Trully Romantic: My grandparent’s romantic story for the ages
May 10, 2013 § 2 Comments
Extract from my book, In My Arrogant Opinion
The very first sound I ever made was neither in Xhosa nor English; it was that universal wail all babies make. I cried, at least that’s what I imagine happened. Maybe I cried because I was naked and was feeling a little embarrassed. Or was it because I was aware of how small my penis was and my hands were too short, and my muscles too weak, for me to stretch my hands to hide it? I will never remember. It could be argued that I suffered a premature onslaught of Alzheimer’s, but it’s something all babies share – forgetting where they come from. No memory of their history …
It was a dark and stormy night in April when I was born. I’m not joking. I was born in a hut in the house of my grandfather, Alfred Kaiser Boyce, uSnama, Rhadu, Somadoda, amalandelwa yintombi ithindizeke nobaawunankomo! (S’nama, Rhadu, Somadoda, the ones who get followed by girls saying, ‘marry me even if you have no cows!’). You will be excused for thinking that Alfred Kaiser Boyce was a white man. He was not; he was as Xhosa as they come.
I was born in the small rural village of Dutyini just outside the small town of Mount Ayliff in the Transkei. My grandfather was married to Marhadebe, Victoria Boyce. The story of how they got married is as romantic as any one I have heard. Xhosa men back then were not known for their romance, not that they are now. However, I imagine I am, rather (Hello, ladies). Perhaps I should tell the story of how they got married, very briefly.
Before they got married, my grandfather (Kaiser or K as he was called by everyone in the village) and grandmother had been dating. Kaiser was very popular with the ladies because of his looks, charm, wit and his above-average education. Unlike many young black men in his time, he had gone all the way to Grade 8. A major achievement.
My grandmother, Victoria Mthimkhulu, wasn’t known as the best-looking woman around. But she had the most incredible sprit of any human being I have ever met. My grandfather had four sisters. As anyone with many sisters will know, they always have an opinion about any woman you decide you like. They could never understand his fixation on my grandmother. According to them, he was far superior to her in looks. They even called her ugly. He would respond by saying, ‘Ifigure yakhe!’ (‘What a fine figure she has!’).

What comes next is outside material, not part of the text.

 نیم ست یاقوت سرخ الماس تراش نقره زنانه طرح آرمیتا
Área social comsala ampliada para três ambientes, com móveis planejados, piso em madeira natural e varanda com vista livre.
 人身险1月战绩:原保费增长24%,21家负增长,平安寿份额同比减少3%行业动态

He was also taken with her conservatism, politeness, steadfastness, Christian poise and the fact that she could read and write, something uncommon for women in her village at the time. I’ll never forget that when some white came to our distant village once, my grandfather was away and there was only one person who could speak to that person — my grandmother. I was too young and my English nonexistent, so I have no clue what they talked about.
My grandfather didn’t have much money so he wasn’t able to pay her lobola (dowry) right away. While he was chilling, some other fellow, a rich man in the area, paid lobola for my grandmother. Custom dictated then that if your parents had an agreement with another girl’s parents, you were supposed to marry that person, even though you had never dated. It was effectively an arranged marriage. And so it was that my grandmother was married to another man.

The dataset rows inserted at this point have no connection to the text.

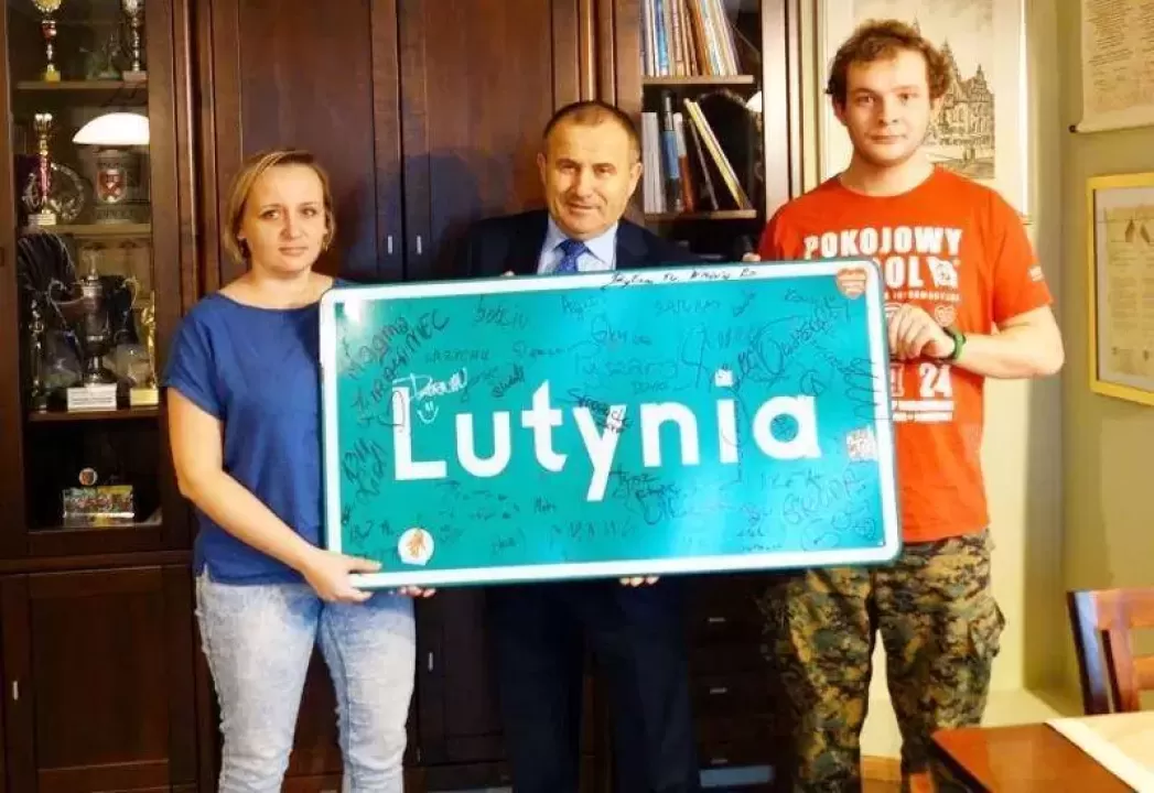 Na licytację trafi m.in. lutyńska tablica z podpisem Jurka Owsiaka, którą wójt gminy Miękinia Jan Marian Grzegorczyn odebrał od Jarosława Czuchty z Pokojowego Patrolu.
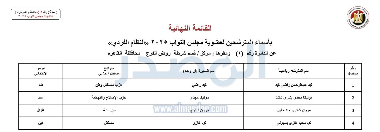 - القائمة النهائية بأسماء المترشحين لعضوية مجلس النواب 2025 “النظام الفردي” عن الدائرة رقم “2” ومقرها مركز / قسم شرطة روض الفرج محافظة القاهرة.
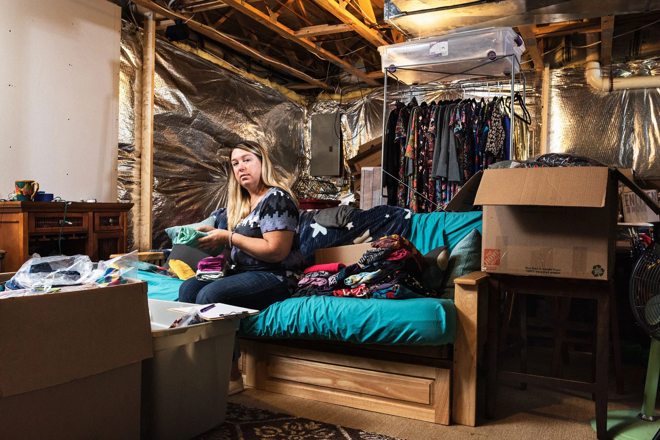 Amy Jo Reece在弗吉尼亚州的Culpepper的地下室里,和她未售出的库存。
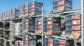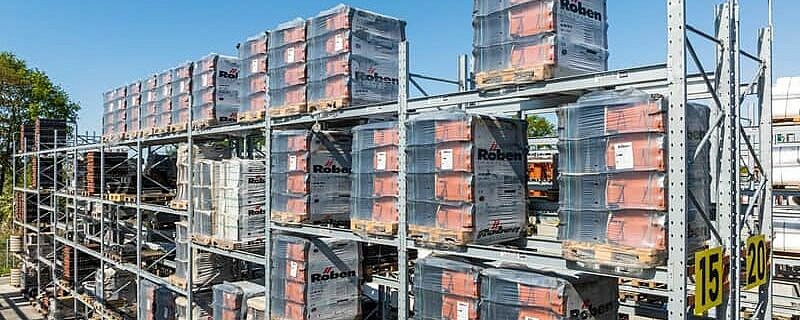 Regały paletowe, z których większość jest zaprojektowana jako podwójne rzędy regałów, oferują łącznie około 3 400 miejsc składowania. Długość poziomów składowania regałów wspornikowych wynosi łącznie ponad 1 250 metrów, rozmieszczonych na sześciu poziomach składowania. Wszystkie regały do użytku zewnętrznego są cynkowane ogniowo, a niektóre regały wspornikowe są również wyposażone w dach. Wysokość i głębokość użytkowa pionowych regałów zostały również dostosowane do portfolio listew firmy Benthack. Dzięki pionowym regałom dystrybutor materiałów budowlanych może zaprezentować różne wymiary i wersje swoich listew w sposób przyjazny dla klienta.

Upon hearing the news, Kaiser would have none of it. He hatched a plan immediately. He was in love so there was no chance in hell that some random dude, no matter how much money he had, would beat him to the punch, even if he had already beaten him to the punch.

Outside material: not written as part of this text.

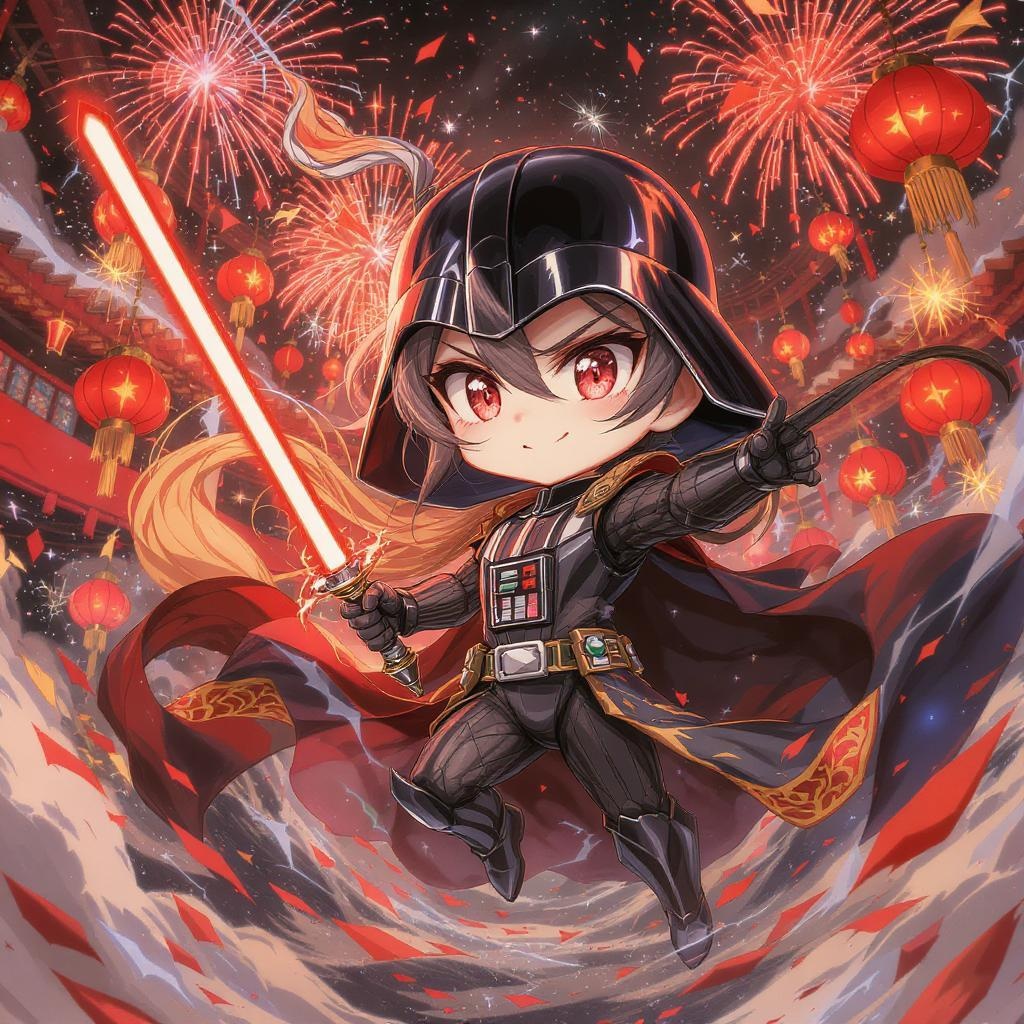 Chibi manga legend of Vader anime infused with VH1 style, featuring dynamic and action-packed scenes reminiscent of Miho Hirano's flowing elegance. Capture the enchanting charm of Gaston Bussière and incorporate vibrant Chinese New Year festivities flair. Evoke the lively spirit of Ross Tran with charming character illustrations adorned in light red and bronze hues, creating a captivating and whimsical atmosphere.

He sent a message to my grandmother that he planned to take her from her new in-laws. She agreed to the plan only if he promised that he would pay lobola by a certain time.
In a cavalier fashion, within days of my grandmother’s marriage, my grandfather and his friends invaded the new home of his now married lover and took her. She was basically kidnapped (‘waathwalwa’).
Ukuthwalwa was not unheard of then. But to ukuthwala a woman who was already married to another man was something new altogether.
Anyway, to cut a long story short, my grandfather eventually gathered a few cattle and paid lobola for my grandmother and they lived happily until death parted them.
These were the people who raised me for the first ten years of my life. The idea that I could grow up to be anything I wanted to be is something that I observed in them; it’s not something that I would say they taught me.
My mother would come to visit Dutyini from the township of Mdanstane, just outside East London where she worked. I never really knew what to say to her because she was this beautiful woman who I was too scared to touch because I was afraid of making her dirty. She always seemed so out of place and too beautiful to be in the village. Years later, I found out that she would cry every time she left for East London, she found it unbearable that she had to leave her children behind in the rural life while she went back to an easier existence in the township.
My early education happened in this village. The teachers had an inferior education, which meant they transferred inferior knowledge to children who were already disadvantaged by life. One of my classrooms accommodated both the Grade 1s and Grade 2s. There were times when we couldn’t use the classrooms because they were being used for something else.
They say that these early years are what make us who we are. If those years made me who I am, I am grateful for them. By the time I was ten, I was a certified delinquent. I had already quit smoking weed and moved on to other things. I guess what I’m saying is that it is a miracle that I have written this book. And I want to thank everyone who has played a part in my life.